What is required:
What is needed is an exact transcription of every entry below.

Stored dataset items:

☆ ☆ ☆ ☆ ☆

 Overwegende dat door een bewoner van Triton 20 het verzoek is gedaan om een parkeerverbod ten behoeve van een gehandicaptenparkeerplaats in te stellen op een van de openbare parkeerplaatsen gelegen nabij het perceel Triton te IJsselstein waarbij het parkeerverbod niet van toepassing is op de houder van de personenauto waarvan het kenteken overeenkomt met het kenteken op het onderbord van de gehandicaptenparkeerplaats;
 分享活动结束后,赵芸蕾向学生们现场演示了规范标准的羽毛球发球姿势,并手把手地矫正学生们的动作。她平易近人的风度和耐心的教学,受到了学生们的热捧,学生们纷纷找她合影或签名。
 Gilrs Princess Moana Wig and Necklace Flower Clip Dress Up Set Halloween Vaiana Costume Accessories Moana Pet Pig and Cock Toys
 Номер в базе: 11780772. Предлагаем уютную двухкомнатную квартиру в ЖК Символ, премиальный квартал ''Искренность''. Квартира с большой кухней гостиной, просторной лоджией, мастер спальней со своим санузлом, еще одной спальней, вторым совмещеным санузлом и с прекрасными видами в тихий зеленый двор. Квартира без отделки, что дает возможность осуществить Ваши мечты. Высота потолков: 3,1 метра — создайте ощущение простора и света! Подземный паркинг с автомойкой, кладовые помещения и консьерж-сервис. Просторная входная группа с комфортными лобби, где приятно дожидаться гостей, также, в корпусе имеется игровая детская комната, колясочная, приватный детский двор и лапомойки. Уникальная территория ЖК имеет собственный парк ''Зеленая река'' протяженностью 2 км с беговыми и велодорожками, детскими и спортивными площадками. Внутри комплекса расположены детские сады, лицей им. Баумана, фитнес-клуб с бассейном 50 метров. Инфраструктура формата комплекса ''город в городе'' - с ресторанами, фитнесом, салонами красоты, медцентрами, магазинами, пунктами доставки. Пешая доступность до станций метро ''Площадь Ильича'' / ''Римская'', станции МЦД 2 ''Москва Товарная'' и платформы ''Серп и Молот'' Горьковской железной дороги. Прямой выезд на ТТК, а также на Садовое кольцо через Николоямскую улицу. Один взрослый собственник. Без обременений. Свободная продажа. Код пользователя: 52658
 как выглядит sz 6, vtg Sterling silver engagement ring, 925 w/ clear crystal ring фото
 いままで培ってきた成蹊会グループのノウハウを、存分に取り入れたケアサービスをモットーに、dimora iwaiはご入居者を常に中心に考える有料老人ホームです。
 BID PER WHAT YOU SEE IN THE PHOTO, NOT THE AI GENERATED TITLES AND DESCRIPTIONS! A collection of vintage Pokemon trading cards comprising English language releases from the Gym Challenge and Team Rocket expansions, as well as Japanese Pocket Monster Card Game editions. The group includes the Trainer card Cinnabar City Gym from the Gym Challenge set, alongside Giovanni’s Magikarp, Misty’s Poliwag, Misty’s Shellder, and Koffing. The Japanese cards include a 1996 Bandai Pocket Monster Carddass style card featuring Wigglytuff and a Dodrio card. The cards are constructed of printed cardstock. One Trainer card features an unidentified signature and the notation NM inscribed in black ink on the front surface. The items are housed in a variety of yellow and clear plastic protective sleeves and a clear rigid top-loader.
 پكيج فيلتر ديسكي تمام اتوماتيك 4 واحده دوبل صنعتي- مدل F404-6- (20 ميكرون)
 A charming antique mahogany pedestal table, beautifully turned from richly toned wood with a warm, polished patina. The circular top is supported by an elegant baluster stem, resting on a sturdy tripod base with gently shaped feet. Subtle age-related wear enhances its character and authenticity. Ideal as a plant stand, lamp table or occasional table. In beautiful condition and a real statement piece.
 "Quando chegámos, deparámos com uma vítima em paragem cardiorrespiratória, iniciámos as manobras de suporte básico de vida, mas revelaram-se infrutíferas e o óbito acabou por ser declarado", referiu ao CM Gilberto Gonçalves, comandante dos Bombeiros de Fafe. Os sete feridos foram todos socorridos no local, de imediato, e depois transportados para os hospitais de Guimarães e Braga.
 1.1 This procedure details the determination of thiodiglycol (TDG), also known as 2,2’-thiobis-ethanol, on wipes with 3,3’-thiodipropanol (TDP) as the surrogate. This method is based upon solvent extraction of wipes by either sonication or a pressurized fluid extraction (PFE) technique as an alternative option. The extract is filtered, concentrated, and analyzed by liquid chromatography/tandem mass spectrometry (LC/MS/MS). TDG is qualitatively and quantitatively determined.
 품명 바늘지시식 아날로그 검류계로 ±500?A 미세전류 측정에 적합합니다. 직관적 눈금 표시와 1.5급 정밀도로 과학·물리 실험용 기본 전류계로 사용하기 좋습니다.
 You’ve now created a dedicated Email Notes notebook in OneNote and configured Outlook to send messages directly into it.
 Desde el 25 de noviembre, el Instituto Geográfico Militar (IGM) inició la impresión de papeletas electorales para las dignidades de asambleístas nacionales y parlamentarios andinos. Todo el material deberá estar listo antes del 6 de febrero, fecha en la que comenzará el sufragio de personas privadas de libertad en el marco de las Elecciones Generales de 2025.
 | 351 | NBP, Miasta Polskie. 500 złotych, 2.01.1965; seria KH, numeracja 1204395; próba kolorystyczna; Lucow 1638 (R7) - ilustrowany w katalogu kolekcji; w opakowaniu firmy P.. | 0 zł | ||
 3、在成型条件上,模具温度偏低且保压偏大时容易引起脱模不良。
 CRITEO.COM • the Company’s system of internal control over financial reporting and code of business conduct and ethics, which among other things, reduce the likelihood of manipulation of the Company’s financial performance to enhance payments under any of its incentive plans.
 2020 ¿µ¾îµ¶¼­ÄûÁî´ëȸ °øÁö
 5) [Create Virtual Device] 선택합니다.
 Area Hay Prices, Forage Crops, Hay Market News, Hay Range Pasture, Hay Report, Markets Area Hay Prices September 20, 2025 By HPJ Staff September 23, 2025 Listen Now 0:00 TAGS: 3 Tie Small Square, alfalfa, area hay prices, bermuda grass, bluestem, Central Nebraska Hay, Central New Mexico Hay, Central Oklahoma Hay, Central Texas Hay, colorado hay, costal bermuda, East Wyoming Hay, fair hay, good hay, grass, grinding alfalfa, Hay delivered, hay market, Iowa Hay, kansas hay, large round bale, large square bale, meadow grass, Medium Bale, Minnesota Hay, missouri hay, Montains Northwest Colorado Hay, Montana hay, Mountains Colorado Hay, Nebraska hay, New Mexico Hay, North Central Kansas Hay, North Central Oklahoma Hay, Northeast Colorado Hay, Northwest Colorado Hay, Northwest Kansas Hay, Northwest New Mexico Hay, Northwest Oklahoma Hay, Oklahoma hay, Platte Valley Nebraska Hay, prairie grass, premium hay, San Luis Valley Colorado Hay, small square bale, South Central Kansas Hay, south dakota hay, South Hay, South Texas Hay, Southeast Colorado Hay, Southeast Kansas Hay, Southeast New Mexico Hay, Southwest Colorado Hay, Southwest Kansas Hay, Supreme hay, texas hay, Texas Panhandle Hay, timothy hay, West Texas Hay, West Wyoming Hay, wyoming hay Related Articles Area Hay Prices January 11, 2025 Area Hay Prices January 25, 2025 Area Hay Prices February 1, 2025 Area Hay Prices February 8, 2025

☆ ☆ ☆ ☆ ☆

Output of the exercise:
 Overwegende dat door een bewoner van Triton 20 het verzoek is gedaan om een parkeerverbod ten behoeve van een gehandicaptenparkeerplaats in te stellen op een van de openbare parkeerplaatsen gelegen nabij het perceel Triton te IJsselstein waarbij het parkeerverbod niet van toepassing is op de houder van de personenauto waarvan het kenteken overeenkomt met het kenteken op het onderbord van de gehandicaptenparkeerplaats;
 分享活动结束后,赵芸蕾向学生们现场演示了规范标准的羽毛球发球姿势,并手把手地矫正学生们的动作。她平易近人的风度和耐心的教学,受到了学生们的热捧,学生们纷纷找她合影或签名。
 Gilrs Princess Moana Wig and Necklace Flower Clip Dress Up Set Halloween Vaiana Costume Accessories Moana Pet Pig and Cock Toys
 Номер в базе: 11780772. Предлагаем уютную двухкомнатную квартиру в ЖК Символ, премиальный квартал ''Искренность''. Квартира с большой кухней гостиной, просторной лоджией, мастер спальней со своим санузлом, еще одной спальней, вторым совмещеным санузлом и с прекрасными видами в тихий зеленый двор. Квартира без отделки, что дает возможность осуществить Ваши мечты. Высота потолков: 3,1 метра — создайте ощущение простора и света! Подземный паркинг с автомойкой, кладовые помещения и консьерж-сервис. Просторная входная группа с комфортными лобби, где приятно дожидаться гостей, также, в корпусе имеется игровая детская комната, колясочная, приватный детский двор и лапомойки. Уникальная территория ЖК имеет собственный парк ''Зеленая река'' протяженностью 2 км с беговыми и велодорожками, детскими и спортивными площадками. Внутри комплекса расположены детские сады, лицей им. Баумана, фитнес-клуб с бассейном 50 метров. Инфраструктура формата комплекса ''город в городе'' - с ресторанами, фитнесом, салонами красоты, медцентрами, магазинами, пунктами доставки. Пешая доступность до станций метро ''Площадь Ильича'' / ''Римская'', станции МЦД 2 ''Москва Товарная'' и платформы ''Серп и Молот'' Горьковской железной дороги. Прямой выезд на ТТК, а также на Садовое кольцо через Николоямскую улицу. Один взрослый собственник. Без обременений. Свободная продажа. Код пользователя: 52658
 как выглядит sz 6, vtg Sterling silver engagement ring, 925 w/ clear crystal ring фото
 いままで培ってきた成蹊会グループのノウハウを、存分に取り入れたケアサービスをモットーに、dimora iwaiはご入居者を常に中心に考える有料老人ホームです。
 BID PER WHAT YOU SEE IN THE PHOTO, NOT THE AI GENERATED TITLES AND DESCRIPTIONS! A collection of vintage Pokemon trading cards comprising English language releases from the Gym Challenge and Team Rocket expansions, as well as Japanese Pocket Monster Card Game editions. The group includes the Trainer card Cinnabar City Gym from the Gym Challenge set, alongside Giovanni’s Magikarp, Misty’s Poliwag, Misty’s Shellder, and Koffing. The Japanese cards include a 1996 Bandai Pocket Monster Carddass style card featuring Wigglytuff and a Dodrio card. The cards are constructed of printed cardstock. One Trainer card features an unidentified signature and the notation NM inscribed in black ink on the front surface. The items are housed in a variety of yellow and clear plastic protective sleeves and a clear rigid top-loader.
 پكيج فيلتر ديسكي تمام اتوماتيك 4 واحده دوبل صنعتي- مدل F404-6- (20 ميكرون)
 A charming antique mahogany pedestal table, beautifully turned from richly toned wood with a warm, polished patina. The circular top is supported by an elegant baluster stem, resting on a sturdy tripod base with gently shaped feet. Subtle age-related wear enhances its character and authenticity. Ideal as a plant stand, lamp table or occasional table. In beautiful condition and a real statement piece.
 "Quando chegámos, deparámos com uma vítima em paragem cardiorrespiratória, iniciámos as manobras de suporte básico de vida, mas revelaram-se infrutíferas e o óbito acabou por ser declarado", referiu ao CM Gilberto Gonçalves, comandante dos Bombeiros de Fafe. Os sete feridos foram todos socorridos no local, de imediato, e depois transportados para os hospitais de Guimarães e Braga.
 1.1 This procedure details the determination of thiodiglycol (TDG), also known as 2,2’-thiobis-ethanol, on wipes with 3,3’-thiodipropanol (TDP) as the surrogate. This method is based upon solvent extraction of wipes by either sonication or a pressurized fluid extraction (PFE) technique as an alternative option. The extract is filtered, concentrated, and analyzed by liquid chromatography/tandem mass spectrometry (LC/MS/MS). TDG is qualitatively and quantitatively determined.
 품명 바늘지시식 아날로그 검류계로 ±500?A 미세전류 측정에 적합합니다. 직관적 눈금 표시와 1.5급 정밀도로 과학·물리 실험용 기본 전류계로 사용하기 좋습니다.
 You’ve now created a dedicated Email Notes notebook in OneNote and configured Outlook to send messages directly into it.
 Desde el 25 de noviembre, el Instituto Geográfico Militar (IGM) inició la impresión de papeletas electorales para las dignidades de asambleístas nacionales y parlamentarios andinos. Todo el material deberá estar listo antes del 6 de febrero, fecha en la que comenzará el sufragio de personas privadas de libertad en el marco de las Elecciones Generales de 2025.
 | 351 | NBP, Miasta Polskie. 500 złotych, 2.01.1965; seria KH, numeracja 1204395; próba kolorystyczna; Lucow 1638 (R7) - ilustrowany w katalogu kolekcji; w opakowaniu firmy P.. | 0 zł | ||
 3、在成型条件上,模具温度偏低且保压偏大时容易引起脱模不良。
 CRITEO.COM • the Company’s system of internal control over financial reporting and code of business conduct and ethics, which among other things, reduce the likelihood of manipulation of the Company’s financial performance to enhance payments under any of its incentive plans.
 2020 ¿µ¾îµ¶¼­ÄûÁî´ëȸ °øÁö
 5) [Create Virtual Device] 선택합니다.
 Area Hay Prices, Forage Crops, Hay Market News, Hay Range Pasture, Hay Report, Markets Area Hay Prices September 20, 2025 By HPJ Staff September 23, 2025 Listen Now 0:00 TAGS: 3 Tie Small Square, alfalfa, area hay prices, bermuda grass, bluestem, Central Nebraska Hay, Central New Mexico Hay, Central Oklahoma Hay, Central Texas Hay, colorado hay, costal bermuda, East Wyoming Hay, fair hay, good hay, grass, grinding alfalfa, Hay delivered, hay market, Iowa Hay, kansas hay, large round bale, large square bale, meadow grass, Medium Bale, Minnesota Hay, missouri hay, Montains Northwest Colorado Hay, Montana hay, Mountains Colorado Hay, Nebraska hay, New Mexico Hay, North Central Kansas Hay, North Central Oklahoma Hay, Northeast Colorado Hay, Northwest Colorado Hay, Northwest Kansas Hay, Northwest New Mexico Hay, Northwest Oklahoma Hay, Oklahoma hay, Platte Valley Nebraska Hay, prairie grass, premium hay, San Luis Valley Colorado Hay, small square bale, South Central Kansas Hay, south dakota hay, South Hay, South Texas Hay, Southeast Colorado Hay, Southeast Kansas Hay, Southeast New Mexico Hay, Southwest Colorado Hay, Southwest Kansas Hay, Supreme hay, texas hay, Texas Panhandle Hay, timothy hay, West Texas Hay, West Wyoming Hay, wyoming hay Related Articles Area Hay Prices January 11, 2025 Area Hay Prices January 25, 2025 Area Hay Prices February 1, 2025 Area Hay Prices February 8, 2025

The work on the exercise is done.